We also evaluated the image precision scores of the Model in Table 2. Also, it highlights how well the image has aligned with the multimodal summary and compares them with other state-of-art methods for retrieving images. The proposed method has improved its performance.

Table 4 Output of Topic-Guided Multimodal Summary With Multimodal Output

7 Conclusion and Future work

Multimodal problem considers two different inputs like text and image. An unsupervised technique called LDA is used extensively to identify topics from captions. Individual extraction of both modality features is possible.  Adding a topic to multimodal features in the HITT layer helps the model to guide multimodal features according to topics. The topic-guided multimodal summary generates better results when incorporating an intermediate fusion for semantic-related words. When the Topic is added as a solution to address the semantics and linguistic problems of multimodal summary, the model generates an efficient summary, but sometimes the model generates ’NaN’ values as this fails to learn topic-related words at the time of summary generation because of a lack of more topic words.  As this problem needs more concentration in future by increasing topic vocabulary.  Also, the model retrieves relevant images to the generated summary by proposing a caption-summary order space technique to the abstractive multimodal summary.

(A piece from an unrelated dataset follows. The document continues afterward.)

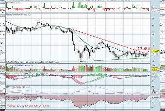 Pero por otro lado el comportamiento que nos muestra el RSc Mansfield de Arcelor frente al S&P 500 es muy bueno ya que, aunque es negativo su pendiente es positiva. Por tanto, lo ideal sería esperar a que el precio alcanzara los 13,45€ que es la resistencia a la que se tiene que enfrentar en estos momentos. Si la rotura de esta resistencia se produce con volumen entonces podríamos tener lo que llamamos un entrada ideal.
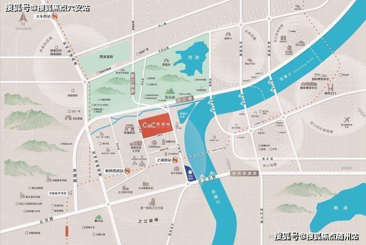 CoC理想城位于杭州市西湖区,周边临近十大新城之一之江新城、规划商务区CBD、万亿独角兽蚂蚁集团,并毗邻年客流1000万+宋城旅游区、西湖景区、龙坞茶镇、钱塘江等丰富的自然人文条件,区位优势明显,坐享多重高定位发展利好。

However, the problem can enhance by adding audio or video modalities to make a complex problem such as text, image and video or audio by extracting features from all modalities and merging them with topic modelling. Then, the related and identical features of the topic are extracted with the same context and form a cluster by proposing a new technique that helps address the linguistics and semantics of multimodal summary and guides the multimodal features to generate a meaningful summary.